Beton z alg? Budownictwo stawia na ekologię!

Sektor budownictwa i nieruchomości jest największym źródłem emisji gazów cieplarnianych, odpowiadając za 37% globalnych emisji – podają dane ONZ. Tradycyjne materiały budowlane, takie jak beton i cegły, są stopniowo modyfikowane, aby lepiej sprostać wyzwaniom związanym z ochroną środowiska.

Beton z alg? Budownictwo stawia na ekologię!

Większość producentów, szczególnie tych dużych, skupia się na tym, aby obniżać koszty ekologiczne produkcji materiałów, tak żeby konsumenci otrzymywali produkt bardziej zrównoważony – ocenia Tomasz Bojęć, partner zarządzający w ThinkCo.

Z drugiej strony na rynek wchodzą innowacje, które stosowane w większej skali będą stopniowo zazieleniać budownictwo.

Z raportu „Budownictwo 5.0. Innowacyjne materiały i technologie”, opracowanego przez ThinkCo we współpracy z Autodesk i Wienerberger, wynika, że na całym świecie zużycie materiałów budowlanych odpowiada za około 1/3 całkowitej emisji CO2.

Oprócz emisji operacyjnych kluczowy jest również wbudowany ślad węglowy, który stanowi 11% globalnych emisji dwutlenku węgla.

Stosowane dziś materiały budowlane nie są jeszcze ekologiczne. Dyskusja na temat ekologii w budownictwie trwa już od kilku lat i przez większość tego czasu nie była priorytetem, ale to się bardzo zmienia. Choć nadal najważniejsza dla klientów jest kwestia trwałości i ceny, to już ponad 60 proc. respondentów zwraca uwagę na kwestie ekologiczne. Mimo że nie jest to nadal najważniejszy czynnik i pewnie nigdy nie będzie, to jednak ta zmiana jest dostrzegalna. Widać to również w decyzjach producenckich, którzy coraz więcej uwagi poświęcają na podnoszenie ekologiczności materiałów – mówi agencji Newseria Biznes Tomasz Bojęć.

Tomasz Bojęć, partner zarządzający w ThinkCo.

Dane Deloitte'a pokazują, że w całym łańcuchu wartości budownictwa pozyskiwanie i produkcja materiałów budowlanych odpowiadają za 92% emisji gazów cieplarnianych.

Spośród nich 43% przypada na cement, a 25% na stal – dwa najczęściej używane materiały konstrukcyjne. Dlatego prace nad redukcją ich emisyjności są najbardziej zaawansowane, obejmując zarówno udoskonalenia tradycyjnych materiałów, jak i poszukiwanie alternatywnych rozwiązań.
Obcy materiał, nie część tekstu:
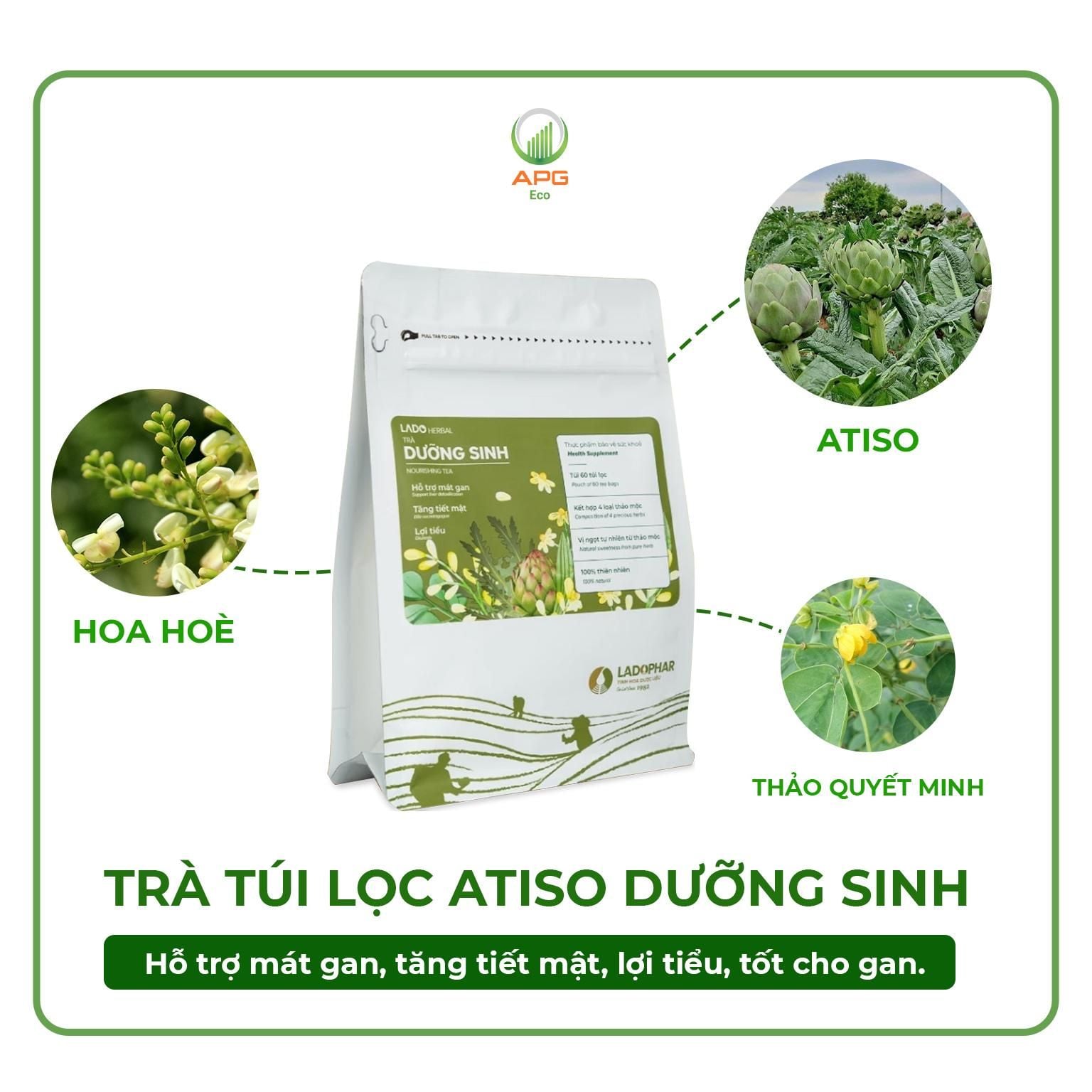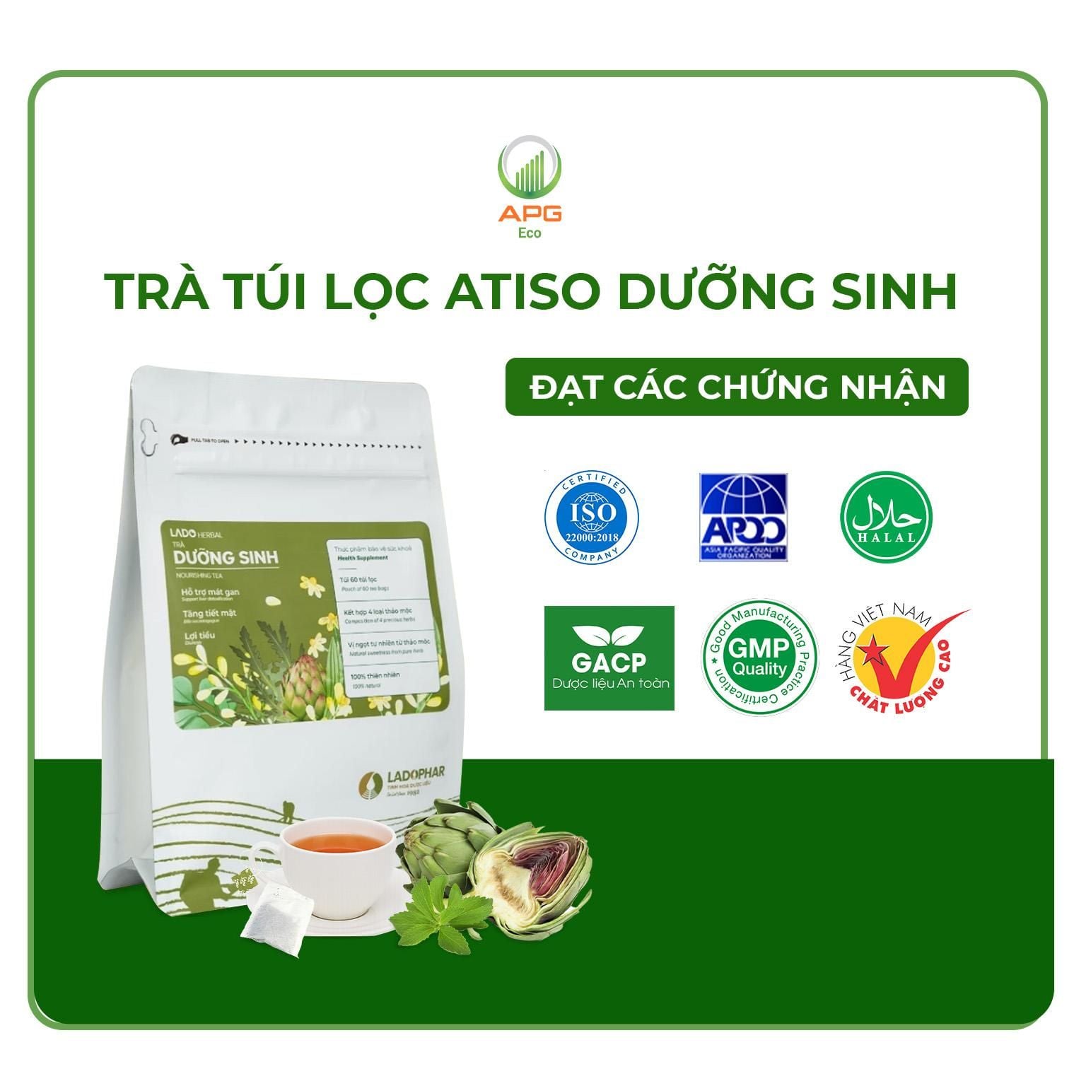 - Trà Túi Lọc Atiso Dưỡng Sinh Dành Cho Lối Sống An Nhiên & Khoẻ Mạnh, quy cách túi gồm 60 gói x 2gr

Większość producentów już dziś pracuje nad udoskonaleniem swoich produktów. Pojawiają się bardzo ciekawe nowe materiały, takie jak biobeton tworzony z alg morskich czy szkło fotowoltaiczne – wskazuje partner zarządzający ThinkCo.

Tak naprawdę kluczem jest to, aby te materiały, które są powszechne, które są ludziom znane, z których najczęściej korzystają, takie jak cegła czy beton, były w produkcji mniej kosztowne dla środowiska i przez to bardziej ekologiczne. Większość producentów, szczególnie tych dużych, skupia się dzisiaj na tym, aby obniżać koszty ekologiczne produkcji materiałów, żeby konsumenci otrzymywali produkt bardziej zrównoważony.

Zmiany w unijnych przepisach są jednym z głównych czynników wpływających na sektor budowlany.

Kluczowymi inicjatywami są m.in. Taksonomia UE, która od czerwca 2020 roku stanowi ramy dla odpowiedzialnych inwestycji i jest podstawą Europejskiego Zielonego Ładu, dążącego do osiągnięcia neutralności klimatycznej w UE do 2050 roku.

W budownictwie istotne jest także rozporządzenie CPR (Construction Products Regulation), które określa wymagania dla materiałów budowlanych na unijnym rynku. Celem kwietniowej nowelizacji tego aktu jest promowanie zrównoważonych materiałów budowlanych jako normy w UE.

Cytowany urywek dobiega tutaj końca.